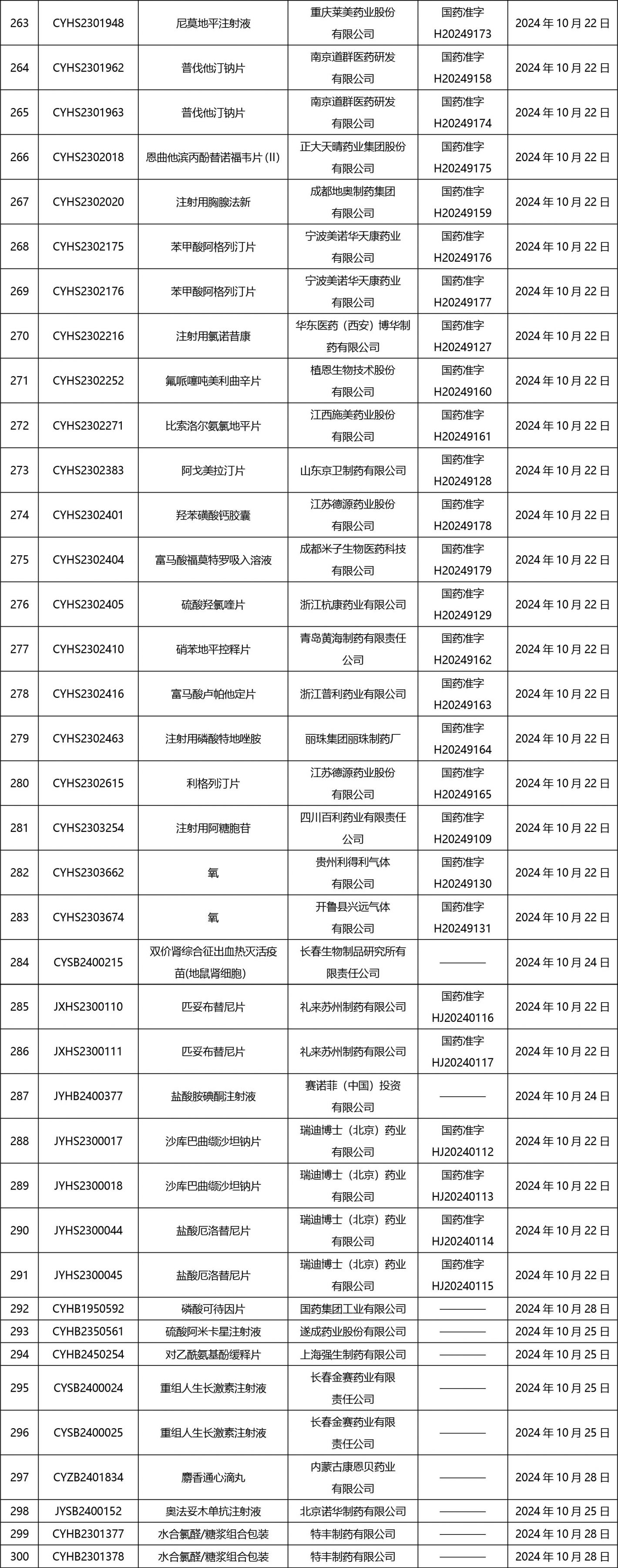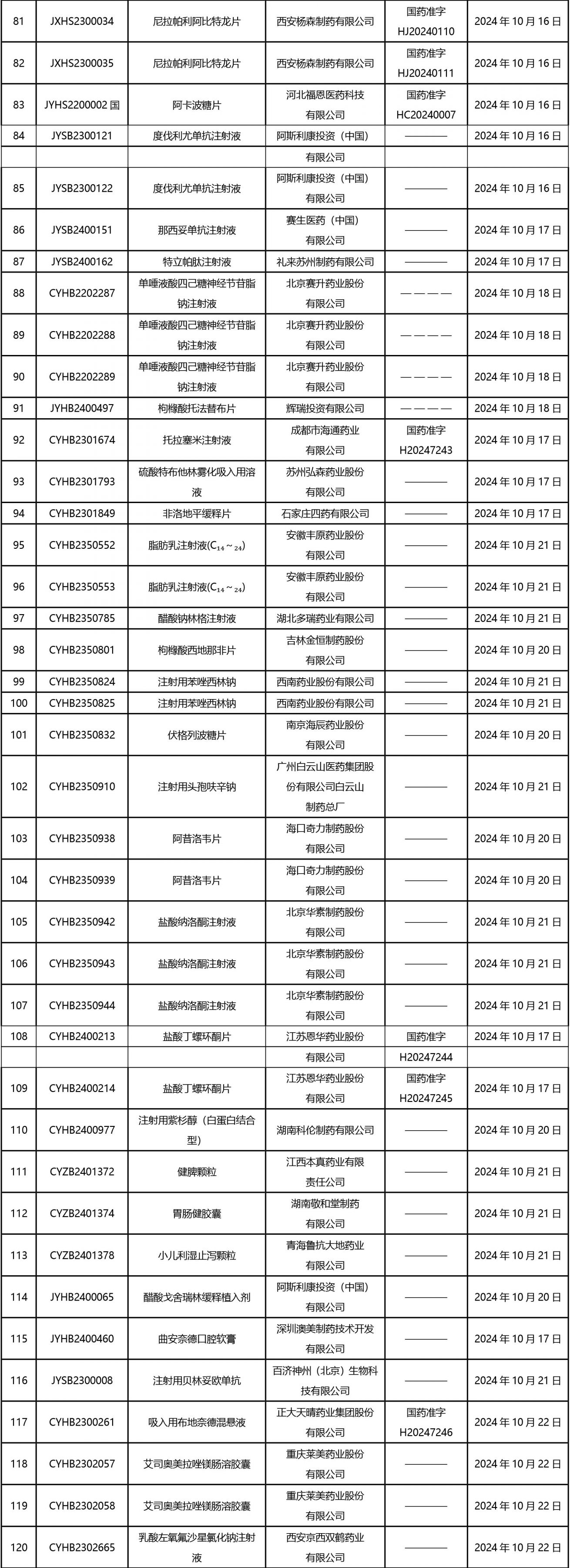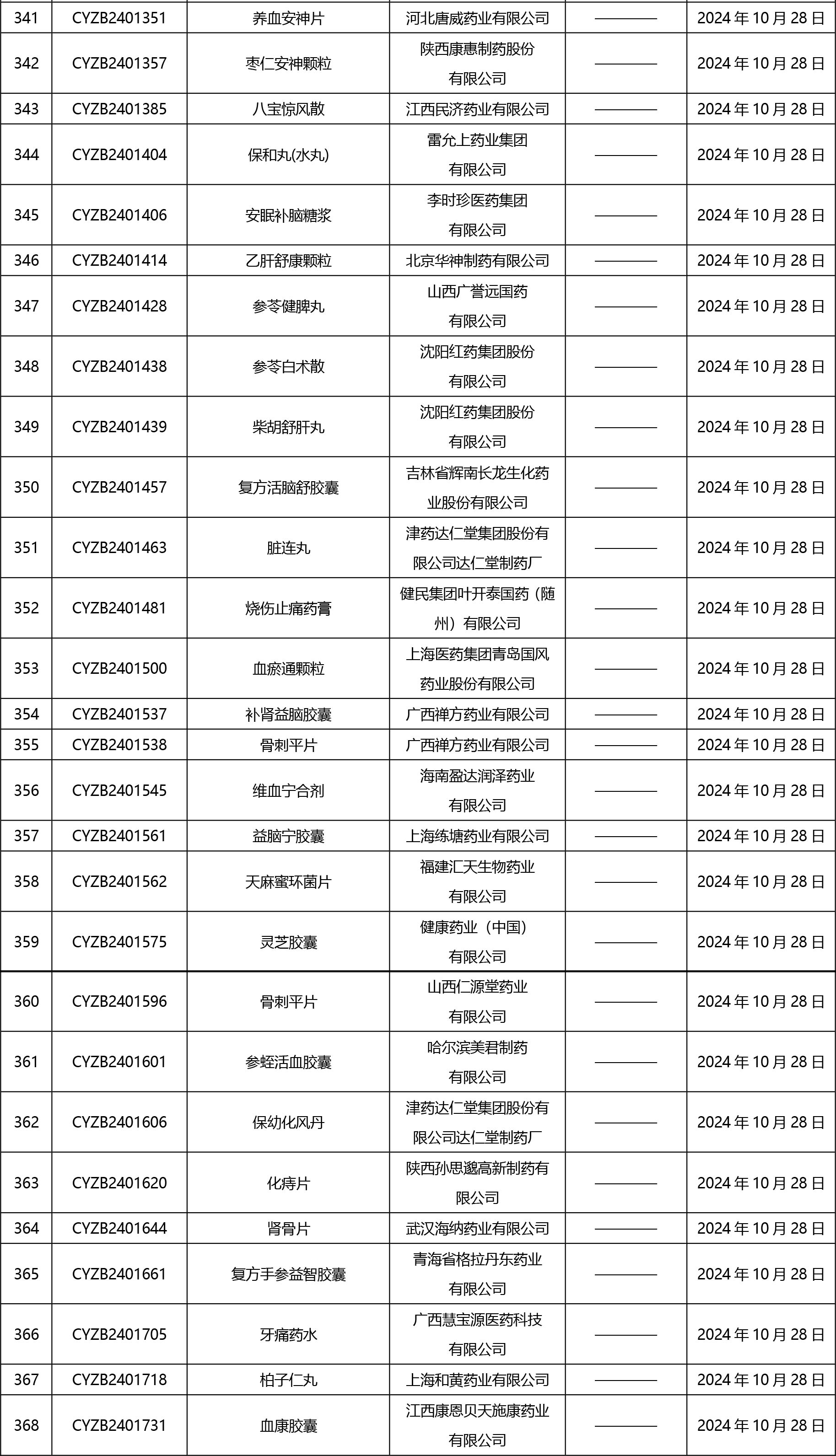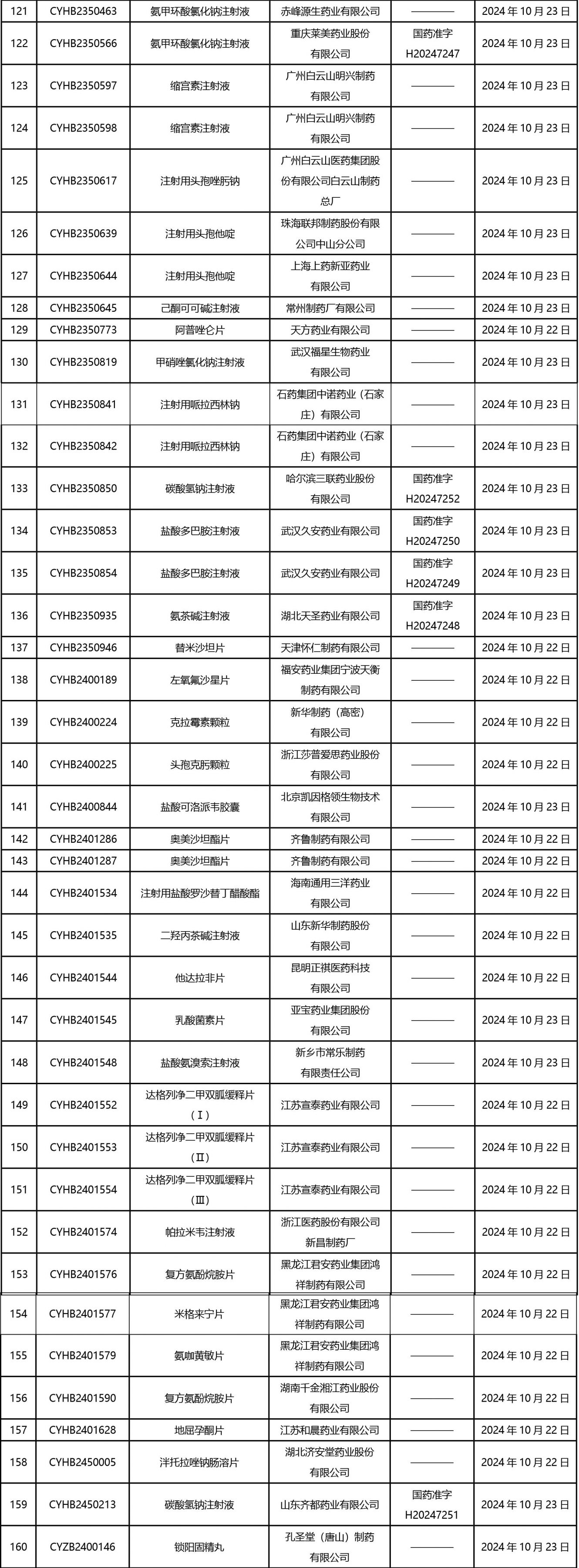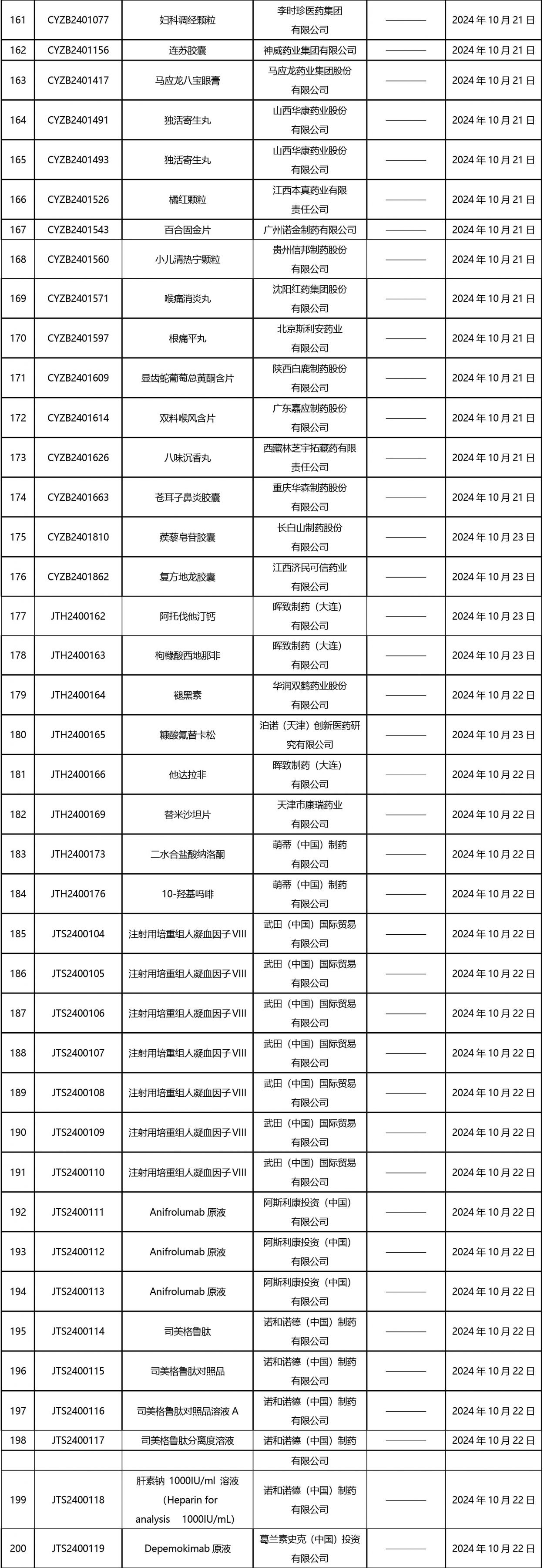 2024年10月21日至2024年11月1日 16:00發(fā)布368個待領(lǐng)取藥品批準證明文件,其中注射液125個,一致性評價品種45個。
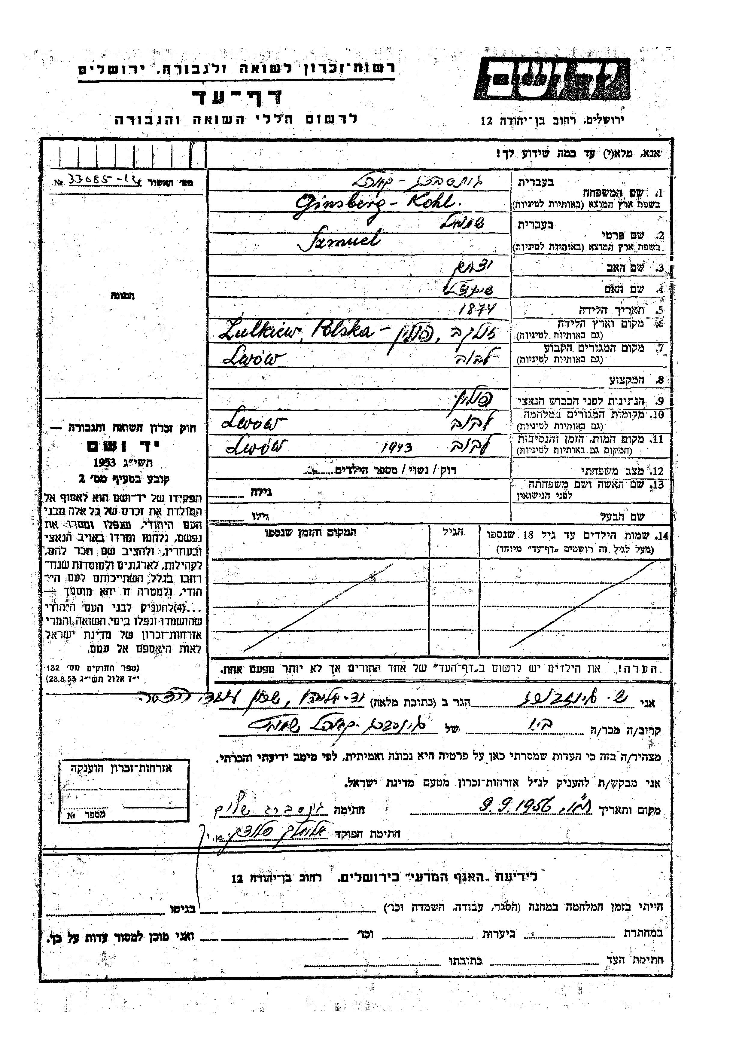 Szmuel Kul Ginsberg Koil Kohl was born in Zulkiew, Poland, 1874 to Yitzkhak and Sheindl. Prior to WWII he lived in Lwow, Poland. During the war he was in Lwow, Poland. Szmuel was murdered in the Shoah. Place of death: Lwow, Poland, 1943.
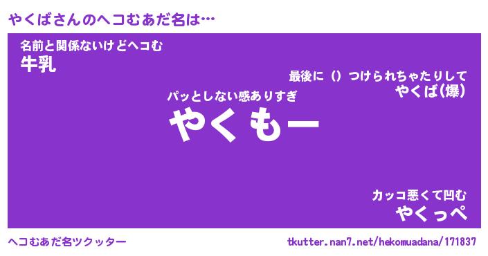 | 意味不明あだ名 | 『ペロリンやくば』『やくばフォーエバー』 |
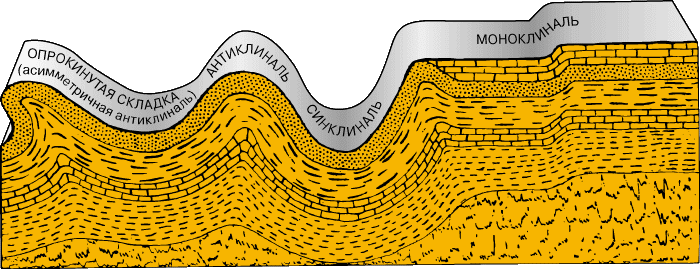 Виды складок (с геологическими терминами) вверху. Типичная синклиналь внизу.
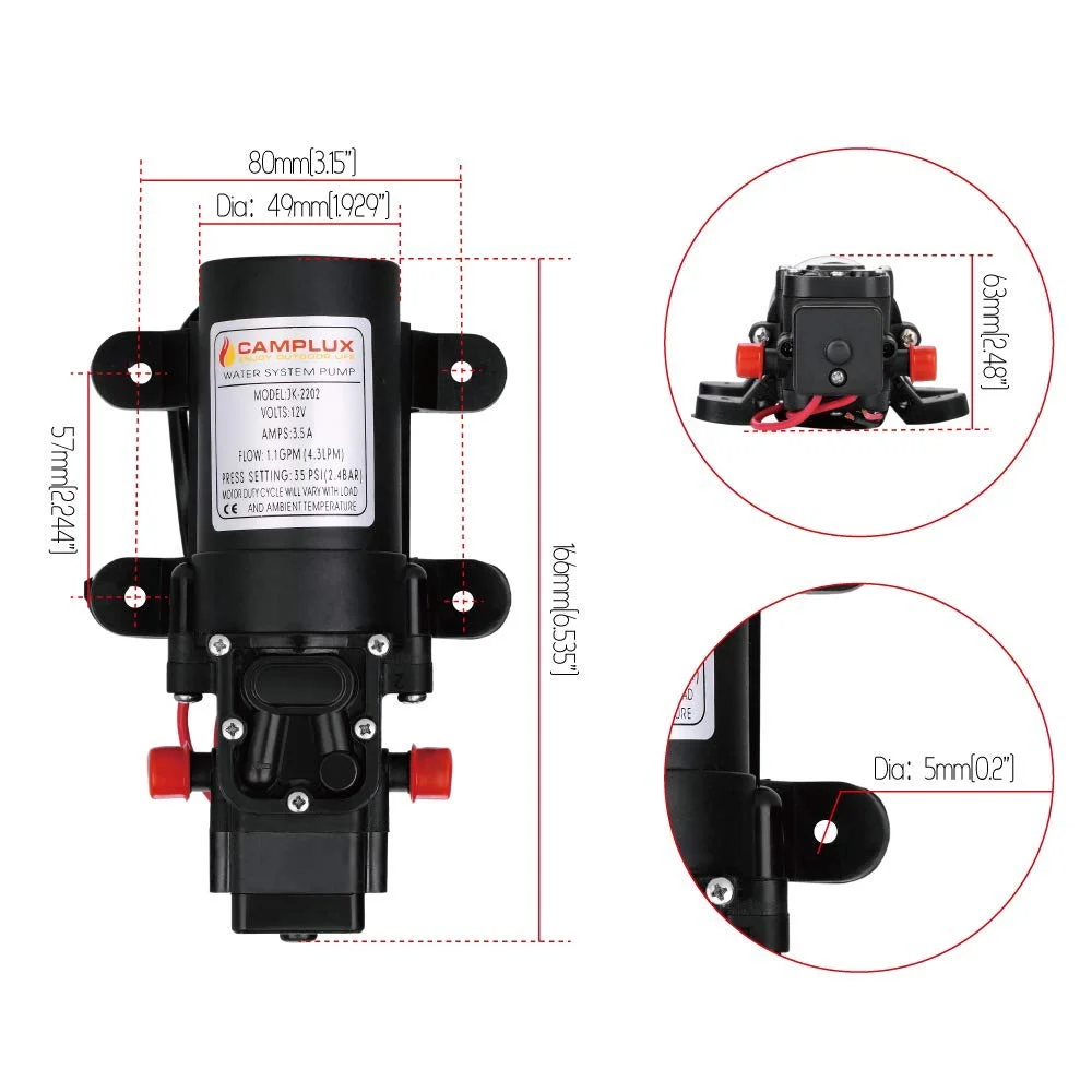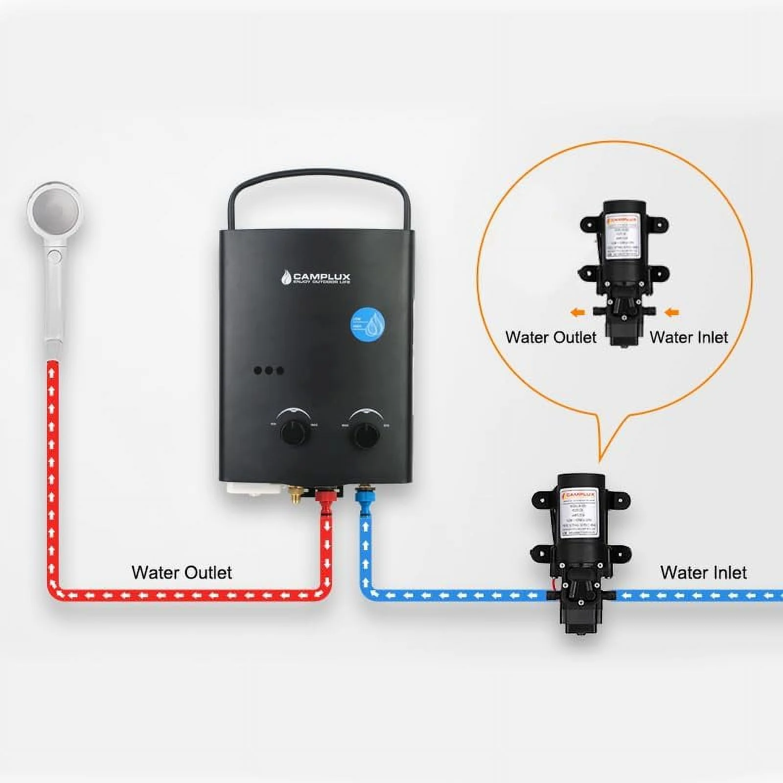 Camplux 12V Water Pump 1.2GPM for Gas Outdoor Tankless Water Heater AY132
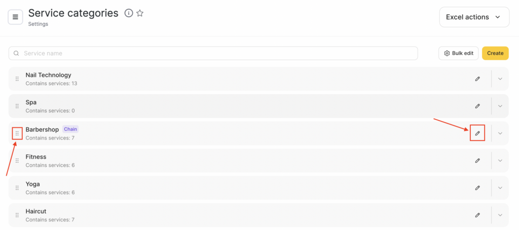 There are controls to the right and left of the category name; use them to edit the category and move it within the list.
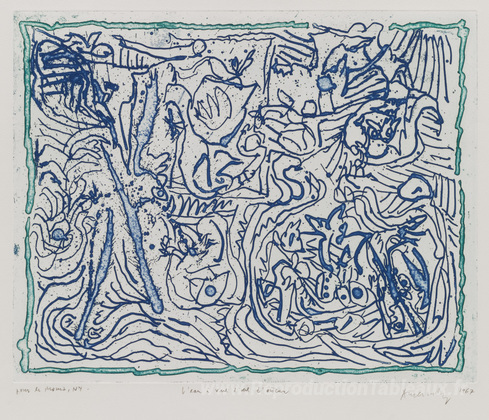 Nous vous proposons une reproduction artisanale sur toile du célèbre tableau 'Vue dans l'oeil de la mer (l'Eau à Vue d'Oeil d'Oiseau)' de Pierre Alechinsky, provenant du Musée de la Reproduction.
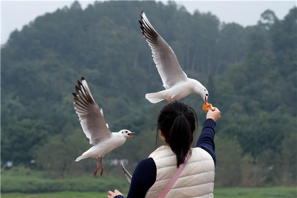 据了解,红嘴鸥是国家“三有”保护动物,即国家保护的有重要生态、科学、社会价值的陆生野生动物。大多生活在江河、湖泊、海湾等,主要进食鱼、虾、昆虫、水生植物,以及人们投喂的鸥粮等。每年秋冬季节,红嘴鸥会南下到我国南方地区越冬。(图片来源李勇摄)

——

**Exercise instructions**
What you print must match the entries exactly, except that no pictures appear.

**Answer for the task**
 2024年10月21日至2024年11月1日 16:00發(fā)布368個待領(lǐng)取藥品批準證明文件,其中注射液125個,一致性評價品種45個。
 Szmuel Kul Ginsberg Koil Kohl was born in Zulkiew, Poland, 1874 to Yitzkhak and Sheindl. Prior to WWII he lived in Lwow, Poland. During the war he was in Lwow, Poland. Szmuel was murdered in the Shoah. Place of death: Lwow, Poland, 1943.
 | 意味不明あだ名 | 『ペロリンやくば』『やくばフォーエバー』 |
 Виды складок (с геологическими терминами) вверху. Типичная синклиналь внизу.
 Camplux 12V Water Pump 1.2GPM for Gas Outdoor Tankless Water Heater AY132
 There are controls to the right and left of the category name; use them to edit the category and move it within the list.
 Nous vous proposons une reproduction artisanale sur toile du célèbre tableau 'Vue dans l'oeil de la mer (l'Eau à Vue d'Oeil d'Oiseau)' de Pierre Alechinsky, provenant du Musée de la Reproduction.
 据了解,红嘴鸥是国家“三有”保护动物,即国家保护的有重要生态、科学、社会价值的陆生野生动物。大多生活在江河、湖泊、海湾等,主要进食鱼、虾、昆虫、水生植物,以及人们投喂的鸥粮等。每年秋冬季节,红嘴鸥会南下到我国南方地区越冬。(图片来源李勇摄)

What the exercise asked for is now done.